Green certificates are a tradable commodity proving that certain electricity is generated using renewable energy sources (RES).
They may have guaranteed minimum prices.
The certificates can be traded separately from the energy produced.
Other three main types of RES support schemes in place in the European Union are:
- Feed-in-Premium (FIP), and
- Investment grants.
Pursuant to the CEER Report, Key support elements of RES in Europe: moving towards market integration (C15-SDE-49-03) of 26 January 2016 (p. 8, 23, 24) quota systems or certificate schemes introduce a market mechanism for setting the value of RES support.
While RES targets and penalties are set administratively, they leave certificate markets to settle the premium awarded on top of energy market prices. They expose producers to market risks including balancing responsibilities and market price.
A green certificate scheme is a support mechanism designed to provide specific RES technologies with an additional income to the market revenue by selling previously awarded certificates to an obliged party.
It is a volume-driven support mechanism with a particular renewable target, usually set as a RES-share in final consumption or explicitly in volume of produced electricity.
Currently six EU Member States and Norway have introduced such a RES support mechanism.
However, in Italy, UK, and Poland, quota systems are now being replaced by other types of support schemes, notably Feed-in Premium (FIP).
Within the scheme, market participants (typically suppliers and producers or grid operators) are given a statutory duty to annually buy and cancel electricity certificates.
The number of certificates that one is obliged to buy corresponds to the value of the mandatory renewable quota established for the current year, multiplied by the quantity of electricity (expressed in MWh) supplied annually to the final consumers.
This will create a demand for certificates.
Producers that receive certificates will earn an income from selling certificates, in addition to the income they receive from the sale of electricity.
This is intended to make it profitable for investors to invest in new electricity generation from renewable energy sources.
An electricity certificate system is a market-based support mechanism.
Different variations of electricity certificate schemes exist.
Most countries opted for an electricity certificate scheme national in scope whilst Norway and Sweden have a common certificate system in place.
Design options for green certificate schemes
The design of a quota system may vary depending on the overall objective of the system.
Common to all quota systems is that the level of support is determined by demand and supply.
Some EU Member States also apply hybrid systems, e.g. a quota with minimum prices.
Certificate prices are determined by the interplay of demand and supply for certificates.
Eligibility of certificates
Quota schemes can in principle be designed to be technology neutral or technology specific.

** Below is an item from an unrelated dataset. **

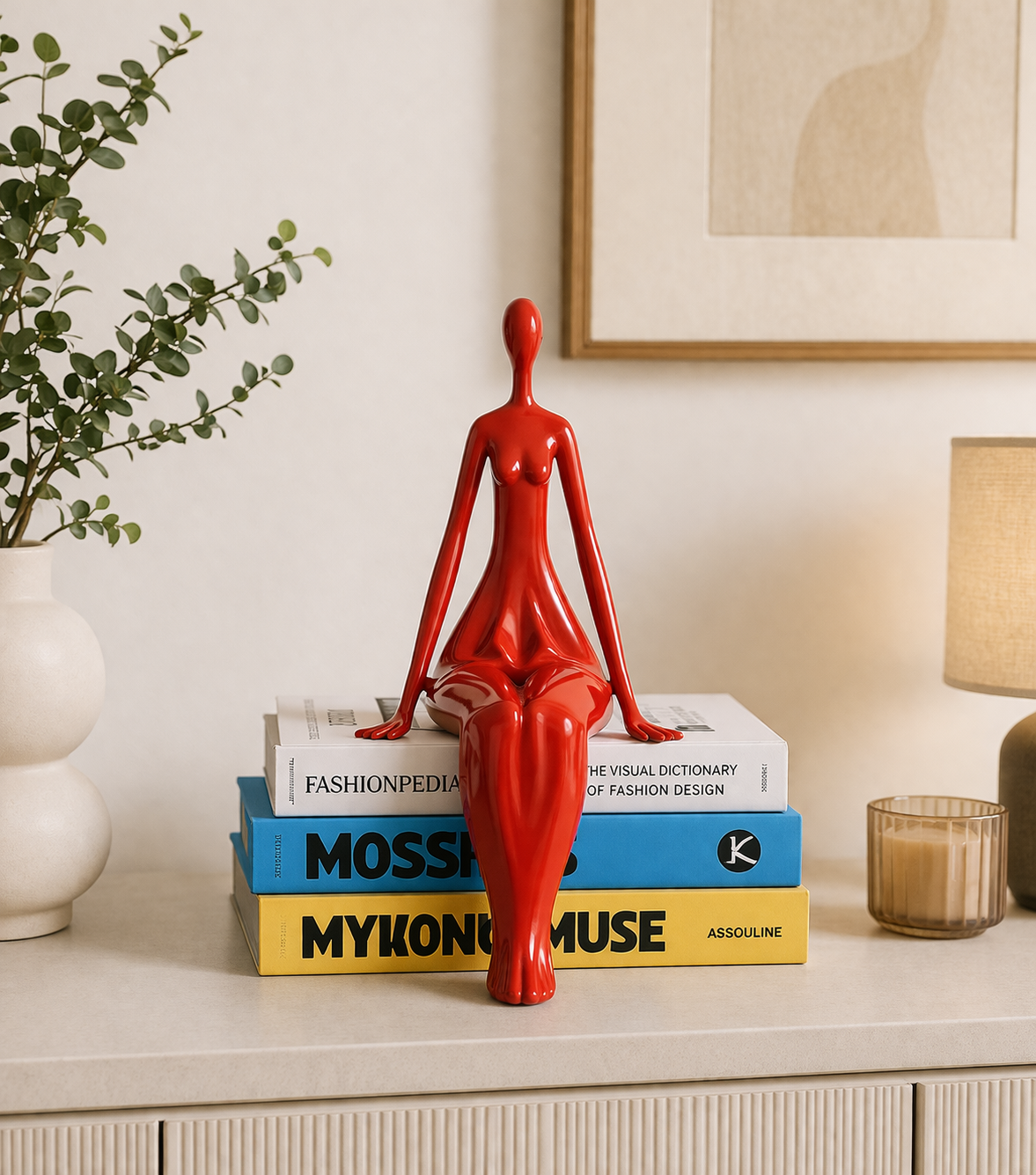 A striking contemporary sculpture featuring a stylized human figure seated on a transparent stool, designed to create a powerful visual statement. Crafted with a smooth, reflective finish, this piece plays with light and transparency, adding depth and artistic intrigue to any space. Perfect for modern interiors, galleries, or statement styling on consoles and shelves.

In a technology neutral setting, each RES technology covered by the scheme would be awarded the same amount of certificates per MWh generated and as such receive the same support level regardless of technology costs.
Under this scheme, the most cost efficient plants would be realised first.
In terms of design, this is the most straightforward approach requiring only defining the scope of RES technologies to be endowed with certificates.
More complex in terms of design are technology specific quota schemes.
By setting different multiplier for the volume of certificates awarded for each MWh produced depending on the generation technology, MS can ensure that a variety of technologies is supported within the quota scheme, e.g. by issuing immature technologies a higher number of certificates for each MWh produced compared to more mature technologies.
However, in practice an enduring volume weighted approach is made particularly difficult by the changing landscape of technological advancements and efficiency improvements in a number of RES technologies.
A RES power plant receives electricity certificates for a specific period of time (number of years can vary).
Buyers of certificates
The number of buyers of certificates may also differ from system to system.
Some countries have chosen to link the obligation to purchase certificates to the electricity suppliers.
Other countries have chosen to link the obligation to purchase certificates to grid operators.
In order to ensure a demand for certificates there must be a penalty mechanism in place when not meeting the legally required number of certificates each year.
In other words, the cost of failing to meet the legal obligation to purchase certificates must be higher than the market price for certificates.
Most countries have an administratively set rule on how to determine the level of penalty. It is usually either set annually or as a fixed price level.
Similar to a tendering scheme, the level of penalty needs to be well designed to exercise the right amount of pressure to ensure compliance.